Ini tak jauh beda dengan, well... vaginismus. Yaitu kondisi mengencangnya otot-otot vagina—sebegitu kencang, hingga tidak bisa dimasuki penis. Dan jika penis telanjur masuk, ia tidak bisa ditarik/dicabut/dikeluarkan, karena saking kencangnya otot-otot vagina mencengkeram. Fenomena ini, oleh orang awam, disebut gancet.

Dalam konteks menelan obat, orang yang mengalami disfagia sebelas dua belas dengan orang yang mengalami vaginismus. Otot-otot kerongkongan akan kejang atau mengencang, sehingga tidak bisa dimasuki obat (pil/kapsul). Dan jika obat telanjur masuk atau dimasukkan, biasanya obat itu akan terjepit atau macet di kerongkongan. Yang saya alami, saya akan tersedak atau muntah jika mencoba melakukannya.

Jadi, aneka nasihat dan tip “cara menelan obat yang baik dan benar”—sebagaimana yang sering diocehkan orang-orang di sekitar kita—itu tidak relevan-relevan amat.
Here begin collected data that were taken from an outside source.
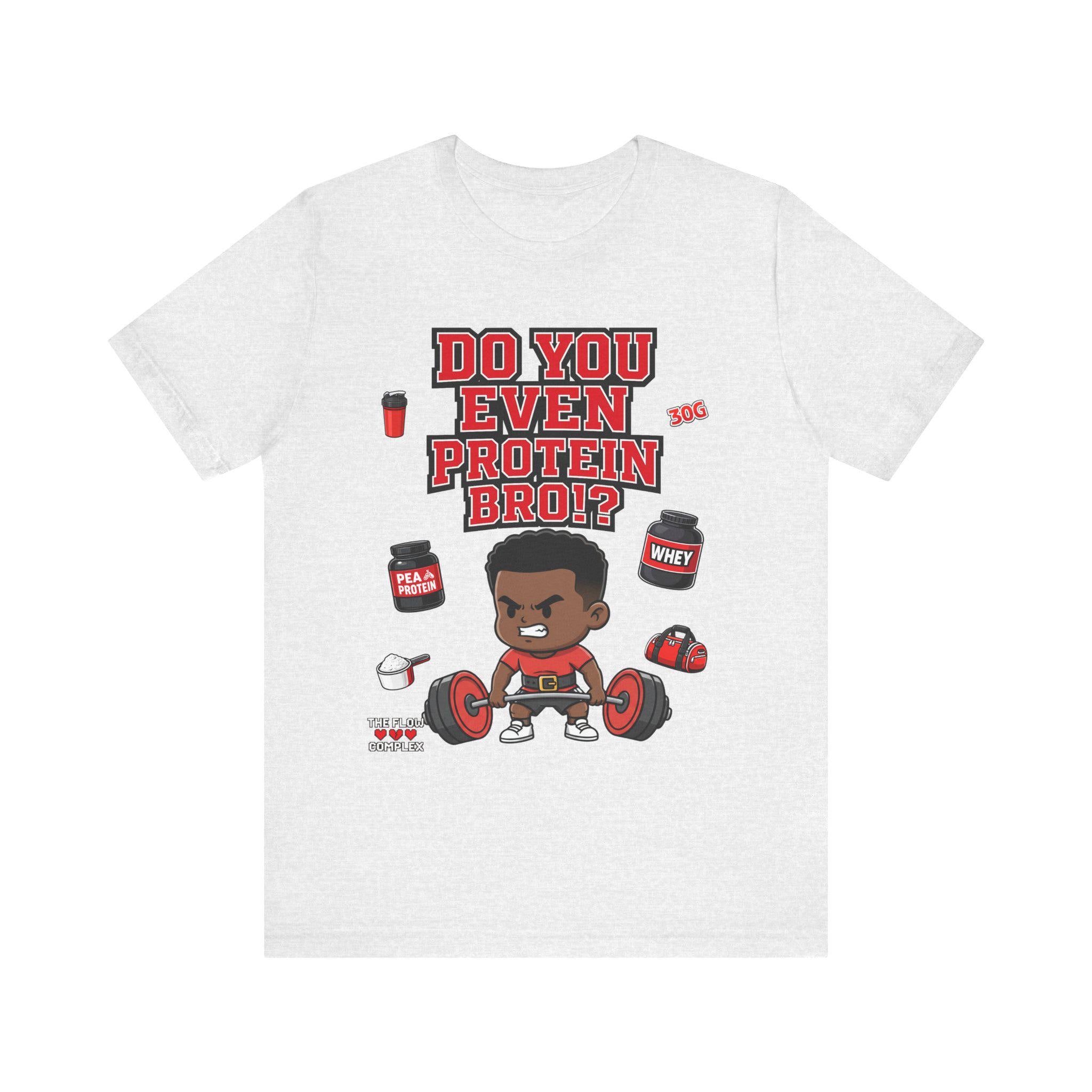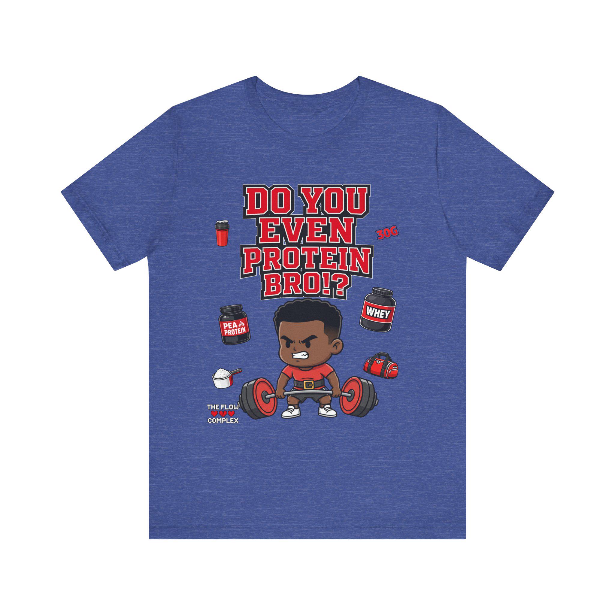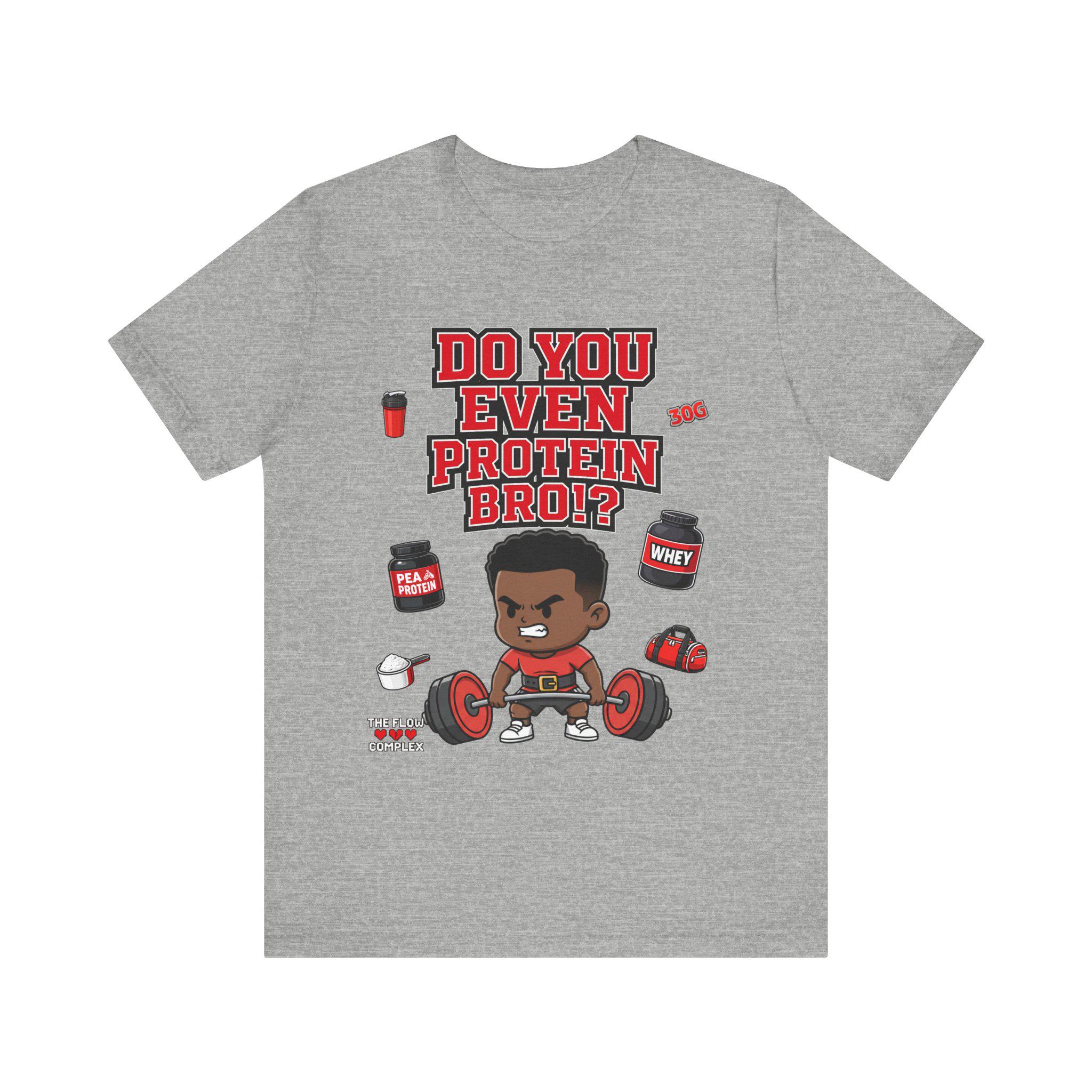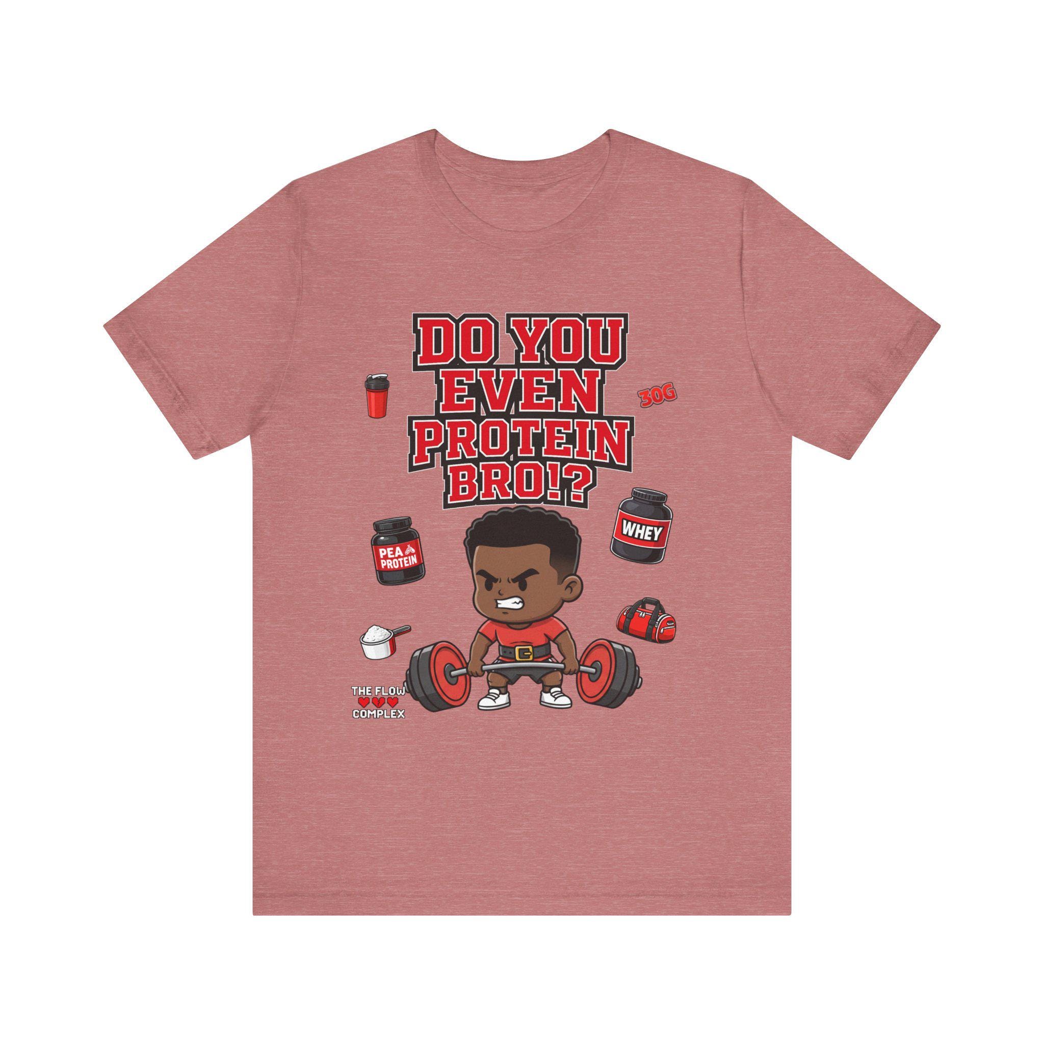 Lightweight, breathable, and built for movement—this tee brings gym humor into everyday wear. A bold, cartoon lifter stands mid-deadlift beneath the cheeky headline “DO YOU EVEN PROTEIN BRO?” surrounded by shaker cups, protein tubs, and gym accessories. The soft Airlume combed cotton feels smooth against skin and drapes cleanly for casual layering. Wear it to warm-ups, quick runs to the supplement shop, or lounging after a heavy session; it reads like an inside joke among training partners and sparks smiles from fellow lifters.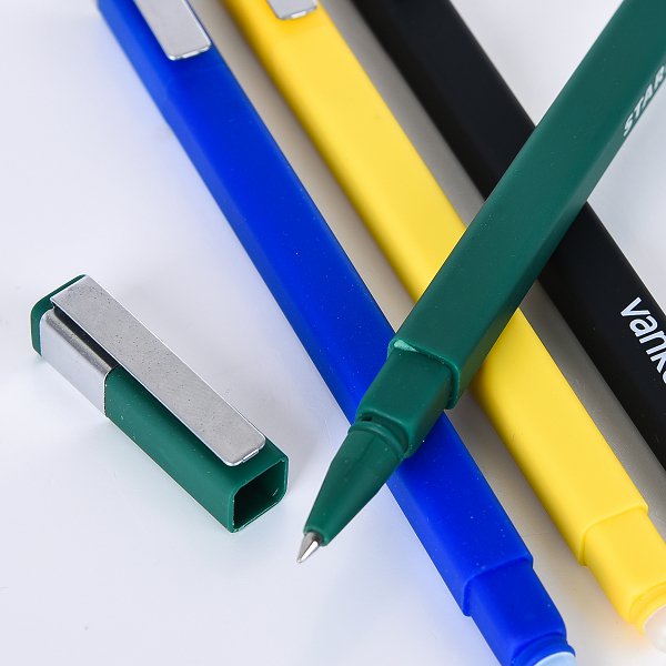 開蓋式擦擦筆-四方霧面噴膠筆管單色原子筆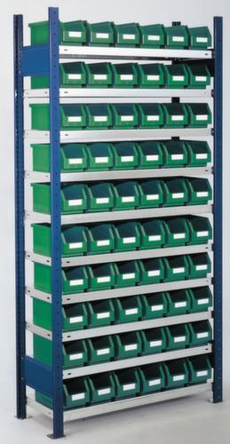 de belangrijkste maten van de Kappes bakkenstelling in één oogopslag:overzichtelijke onderdelenopslag op 10 niveaus met Stalen bodem en 60 bakken. niveau(s) met veiligheidsrand voor bescherming tegen verwondingen. gebruik eenzijdig - ontworpen voor plaatsing tegen een wand. constructie van staal. staanders met slag- en krasvaste poedercoating in RAL5010 gentiaanblauw.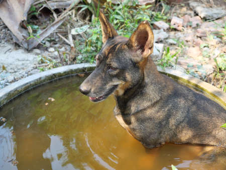 The dark brown dog sitting in the water in the tub, Pet behavior and rest in the summer and during hot weather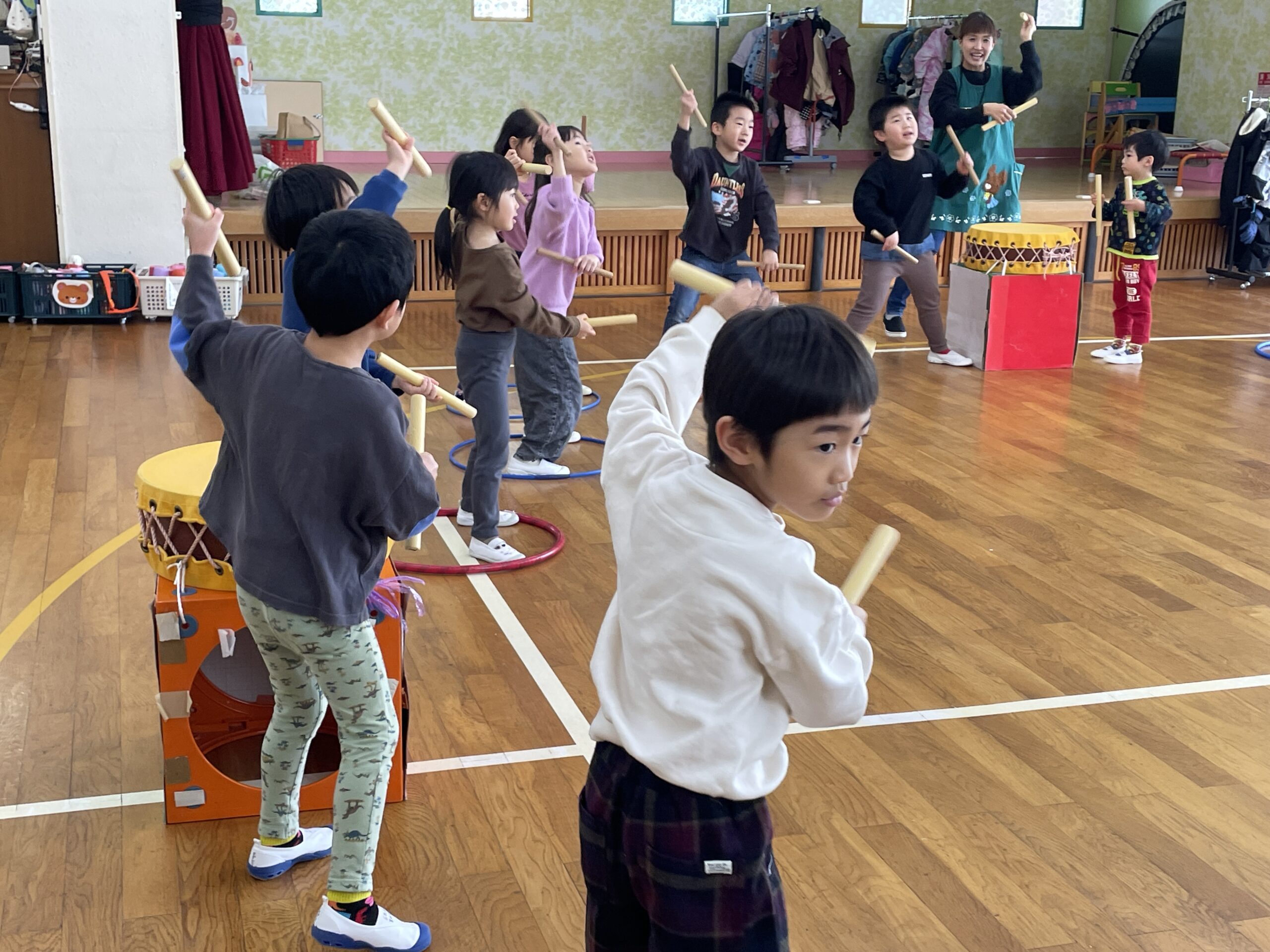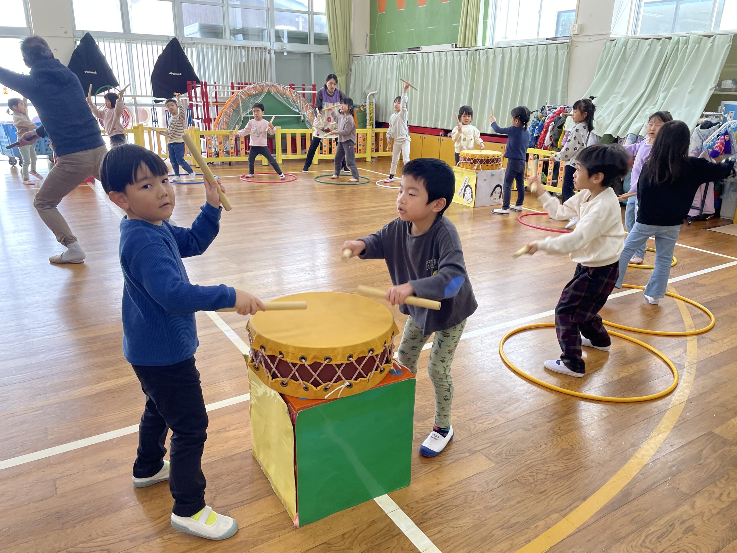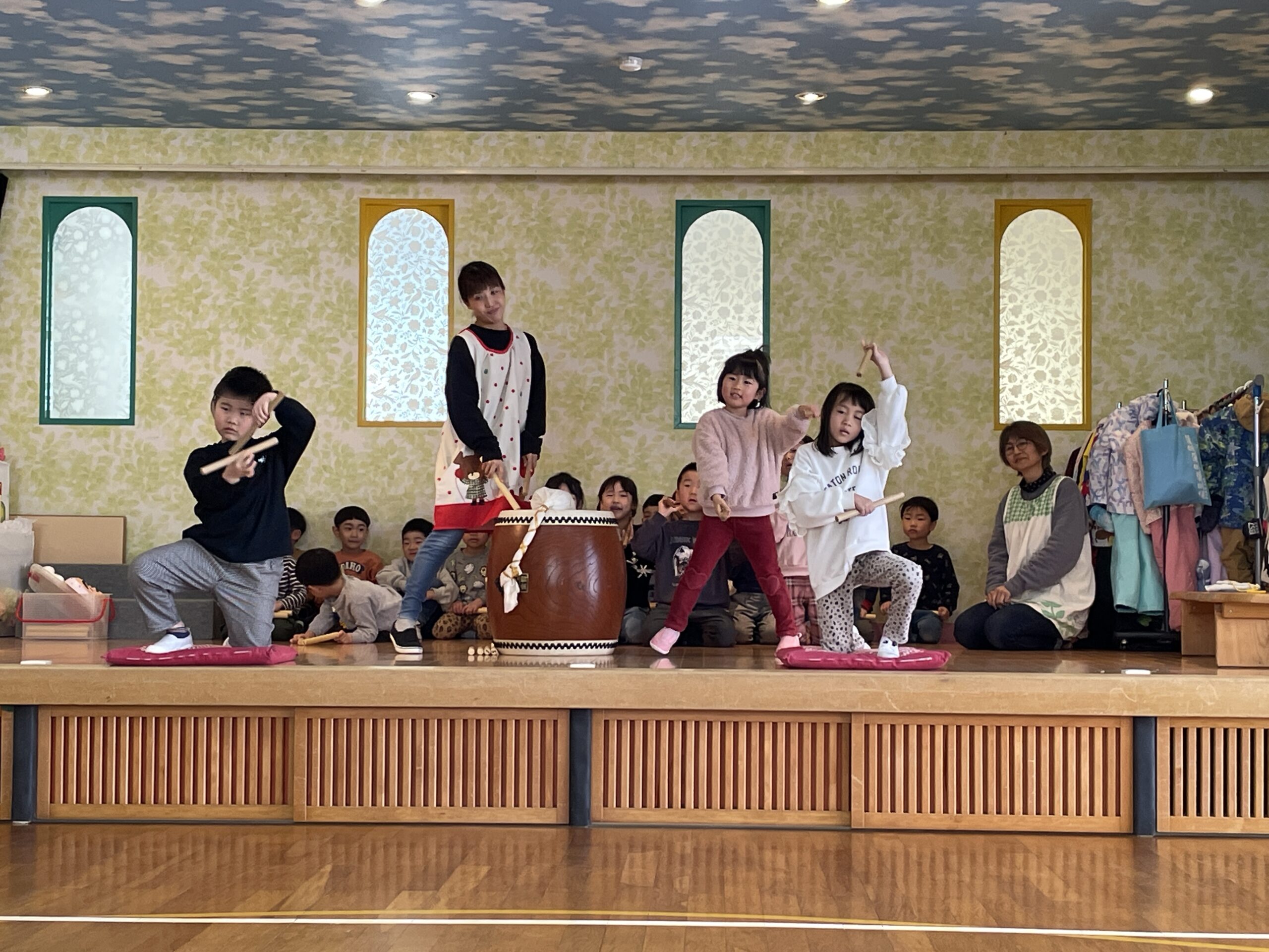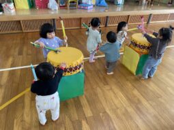 今日は園内で、太鼓を披露してくれましたよ。

Orang yang tidak bisa menelan obat, karena disfagia, bukan karena terlalu idiot sehingga tidak bisa melakukannya, tapi semata-mata karena masalah tertentu pada tubuhnya.

“Caranya begini,” kata mereka, “kamu makan pisang atau roti, kunyah sampai halus. Setelah halus di mulut, masukkan pil dan tempelkan ke lidah. Lalu telan bersama makanan yang halus tadi. Mudah.”

Mudah mbahmu! 

Teori itu mungkin benar untuk orang-orang yang memang bisa menelan obat. Artinya, mereka memang bisa menelan pil/kapsul dengan baik, tapi tidak/belum tahu cara melakukannya. Sementara bagi orang-orang yang kebetulan mengalami disfagia, teori itu cuma omong kosong. Seratus kali mencoba, seratus kali gagal. Saya sudah mencobanya—tak perlu berdebat.

So, kalau kamu kebetulan bisa menelan obat, entah pil atau kapsul, dan bisa melakukannya dengan enjoy, kamu perlu tahu bahwa itu privilese. Tidak semua orang punya kemampuan seperti itu. Dan seperti umumnya privilese, pemiliknya sering kali tak menyadari. 

Bisa menelan pil atau kapsul itu privilese, karena tak perlu mengunyahnya, tak perlu merasakan pahitnya yang ngujubilah, tak perlu khawatir ketika sewaktu-waktu kena sakit, karena bisa enjoy minum obat. Saya tidak punya kemampuan seperti itu. Setiap kali sakit, saya harus menghadapi dua masalah sekaligus. Masalah pertama ya sakitnya itu sendiri. Sementara masalah kedua, saya harus merasakan pahitnya obat. Wong sakit saja sudah tidak enak, masih ditambah obat yang tidak enak.

Bisa menelan obat dengan mudah, itu privilese. Punya kesehatan yang selalu terjaga, itu privilese. Lebih baik lagi; bisa menelan obat dengan mudah, kesehatan selalu terjaga, dan punya duit banyak!